**Assignment:**
Down to the last line below, give the listing again exactly.
:::
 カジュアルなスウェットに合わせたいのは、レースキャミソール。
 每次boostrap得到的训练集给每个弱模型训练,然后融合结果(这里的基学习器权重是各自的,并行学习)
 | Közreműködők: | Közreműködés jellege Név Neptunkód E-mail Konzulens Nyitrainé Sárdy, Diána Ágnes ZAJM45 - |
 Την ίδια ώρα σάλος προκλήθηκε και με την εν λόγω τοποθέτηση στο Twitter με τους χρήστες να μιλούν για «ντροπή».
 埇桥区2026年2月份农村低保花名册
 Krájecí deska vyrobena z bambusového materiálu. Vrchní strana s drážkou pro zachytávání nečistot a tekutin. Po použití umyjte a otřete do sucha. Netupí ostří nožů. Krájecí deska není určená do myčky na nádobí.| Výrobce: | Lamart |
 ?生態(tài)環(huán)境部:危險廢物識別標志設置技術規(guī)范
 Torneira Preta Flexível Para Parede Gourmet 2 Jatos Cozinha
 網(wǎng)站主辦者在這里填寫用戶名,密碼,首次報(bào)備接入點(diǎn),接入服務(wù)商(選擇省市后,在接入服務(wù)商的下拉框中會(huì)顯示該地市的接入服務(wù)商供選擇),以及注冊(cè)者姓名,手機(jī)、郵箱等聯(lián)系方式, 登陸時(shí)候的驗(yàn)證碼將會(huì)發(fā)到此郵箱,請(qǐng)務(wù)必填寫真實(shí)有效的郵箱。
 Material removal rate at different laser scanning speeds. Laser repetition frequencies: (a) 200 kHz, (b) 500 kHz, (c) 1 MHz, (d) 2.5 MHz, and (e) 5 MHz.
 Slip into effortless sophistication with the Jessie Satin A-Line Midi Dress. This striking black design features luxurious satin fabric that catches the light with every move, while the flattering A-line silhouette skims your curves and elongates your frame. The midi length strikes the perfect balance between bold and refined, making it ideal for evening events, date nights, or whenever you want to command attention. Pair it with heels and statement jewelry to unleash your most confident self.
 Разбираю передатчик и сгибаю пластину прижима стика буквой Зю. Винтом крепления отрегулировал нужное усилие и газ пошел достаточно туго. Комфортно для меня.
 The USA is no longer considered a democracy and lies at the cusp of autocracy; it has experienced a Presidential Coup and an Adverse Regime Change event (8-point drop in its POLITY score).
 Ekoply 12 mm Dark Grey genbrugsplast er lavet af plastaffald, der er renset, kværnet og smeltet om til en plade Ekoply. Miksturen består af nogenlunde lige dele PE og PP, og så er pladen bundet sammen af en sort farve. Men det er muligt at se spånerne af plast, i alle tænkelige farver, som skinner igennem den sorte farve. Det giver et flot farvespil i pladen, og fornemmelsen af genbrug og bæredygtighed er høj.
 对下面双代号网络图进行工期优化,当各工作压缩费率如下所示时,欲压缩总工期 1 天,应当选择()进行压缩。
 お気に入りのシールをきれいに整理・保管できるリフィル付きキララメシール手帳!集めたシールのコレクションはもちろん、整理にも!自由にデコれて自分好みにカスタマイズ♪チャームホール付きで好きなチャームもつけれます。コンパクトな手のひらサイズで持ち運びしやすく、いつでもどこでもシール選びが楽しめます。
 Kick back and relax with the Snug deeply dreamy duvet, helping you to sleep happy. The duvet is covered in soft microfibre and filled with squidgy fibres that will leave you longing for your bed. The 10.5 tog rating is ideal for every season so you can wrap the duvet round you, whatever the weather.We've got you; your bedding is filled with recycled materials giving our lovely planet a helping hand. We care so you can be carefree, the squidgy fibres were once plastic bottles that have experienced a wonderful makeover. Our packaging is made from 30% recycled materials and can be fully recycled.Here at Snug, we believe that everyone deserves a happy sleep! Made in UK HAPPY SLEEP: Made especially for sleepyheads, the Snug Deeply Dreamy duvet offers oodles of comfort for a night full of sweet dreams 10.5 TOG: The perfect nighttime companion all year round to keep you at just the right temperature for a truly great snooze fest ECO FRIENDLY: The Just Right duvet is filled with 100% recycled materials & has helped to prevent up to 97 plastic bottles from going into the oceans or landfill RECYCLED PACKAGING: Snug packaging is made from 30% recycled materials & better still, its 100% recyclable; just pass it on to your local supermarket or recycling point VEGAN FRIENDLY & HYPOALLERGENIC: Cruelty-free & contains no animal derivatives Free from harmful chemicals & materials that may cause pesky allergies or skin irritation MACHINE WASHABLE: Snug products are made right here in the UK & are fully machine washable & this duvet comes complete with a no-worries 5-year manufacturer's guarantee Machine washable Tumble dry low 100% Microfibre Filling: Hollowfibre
:::
**Finished exercise:**
 カジュアルなスウェットに合わせたいのは、レースキャミソール。
 每次boostrap得到的训练集给每个弱模型训练,然后融合结果(这里的基学习器权重是各自的,并行学习)
 | Közreműködők: | Közreműködés jellege Név Neptunkód E-mail Konzulens Nyitrainé Sárdy, Diána Ágnes ZAJM45 - |
 Την ίδια ώρα σάλος προκλήθηκε και με την εν λόγω τοποθέτηση στο Twitter με τους χρήστες να μιλούν για «ντροπή».
 埇桥区2026年2月份农村低保花名册
 Krájecí deska vyrobena z bambusového materiálu. Vrchní strana s drážkou pro zachytávání nečistot a tekutin. Po použití umyjte a otřete do sucha. Netupí ostří nožů. Krájecí deska není určená do myčky na nádobí.| Výrobce: | Lamart |
 ?生態(tài)環(huán)境部:危險廢物識別標志設置技術規(guī)范
 Torneira Preta Flexível Para Parede Gourmet 2 Jatos Cozinha
 網(wǎng)站主辦者在這里填寫用戶名,密碼,首次報(bào)備接入點(diǎn),接入服務(wù)商(選擇省市后,在接入服務(wù)商的下拉框中會(huì)顯示該地市的接入服務(wù)商供選擇),以及注冊(cè)者姓名,手機(jī)、郵箱等聯(lián)系方式, 登陸時(shí)候的驗(yàn)證碼將會(huì)發(fā)到此郵箱,請(qǐng)務(wù)必填寫真實(shí)有效的郵箱。
 Material removal rate at different laser scanning speeds. Laser repetition frequencies: (a) 200 kHz, (b) 500 kHz, (c) 1 MHz, (d) 2.5 MHz, and (e) 5 MHz.
 Slip into effortless sophistication with the Jessie Satin A-Line Midi Dress. This striking black design features luxurious satin fabric that catches the light with every move, while the flattering A-line silhouette skims your curves and elongates your frame. The midi length strikes the perfect balance between bold and refined, making it ideal for evening events, date nights, or whenever you want to command attention. Pair it with heels and statement jewelry to unleash your most confident self.
 Разбираю передатчик и сгибаю пластину прижима стика буквой Зю. Винтом крепления отрегулировал нужное усилие и газ пошел достаточно туго. Комфортно для меня.
 The USA is no longer considered a democracy and lies at the cusp of autocracy; it has experienced a Presidential Coup and an Adverse Regime Change event (8-point drop in its POLITY score).
 Ekoply 12 mm Dark Grey genbrugsplast er lavet af plastaffald, der er renset, kværnet og smeltet om til en plade Ekoply. Miksturen består af nogenlunde lige dele PE og PP, og så er pladen bundet sammen af en sort farve. Men det er muligt at se spånerne af plast, i alle tænkelige farver, som skinner igennem den sorte farve. Det giver et flot farvespil i pladen, og fornemmelsen af genbrug og bæredygtighed er høj.
 对下面双代号网络图进行工期优化,当各工作压缩费率如下所示时,欲压缩总工期 1 天,应当选择()进行压缩。
 お気に入りのシールをきれいに整理・保管できるリフィル付きキララメシール手帳!集めたシールのコレクションはもちろん、整理にも!自由にデコれて自分好みにカスタマイズ♪チャームホール付きで好きなチャームもつけれます。コンパクトな手のひらサイズで持ち運びしやすく、いつでもどこでもシール選びが楽しめます。
 Kick back and relax with the Snug deeply dreamy duvet, helping you to sleep happy. The duvet is covered in soft microfibre and filled with squidgy fibres that will leave you longing for your bed. The 10.5 tog rating is ideal for every season so you can wrap the duvet round you, whatever the weather.We've got you; your bedding is filled with recycled materials giving our lovely planet a helping hand. We care so you can be carefree, the squidgy fibres were once plastic bottles that have experienced a wonderful makeover. Our packaging is made from 30% recycled materials and can be fully recycled.Here at Snug, we believe that everyone deserves a happy sleep! Made in UK HAPPY SLEEP: Made especially for sleepyheads, the Snug Deeply Dreamy duvet offers oodles of comfort for a night full of sweet dreams 10.5 TOG: The perfect nighttime companion all year round to keep you at just the right temperature for a truly great snooze fest ECO FRIENDLY: The Just Right duvet is filled with 100% recycled materials & has helped to prevent up to 97 plastic bottles from going into the oceans or landfill RECYCLED PACKAGING: Snug packaging is made from 30% recycled materials & better still, its 100% recyclable; just pass it on to your local supermarket or recycling point VEGAN FRIENDLY & HYPOALLERGENIC: Cruelty-free & contains no animal derivatives Free from harmful chemicals & materials that may cause pesky allergies or skin irritation MACHINE WASHABLE: Snug products are made right here in the UK & are fully machine washable & this duvet comes complete with a no-worries 5-year manufacturer's guarantee Machine washable Tumble dry low 100% Microfibre Filling: Hollowfibre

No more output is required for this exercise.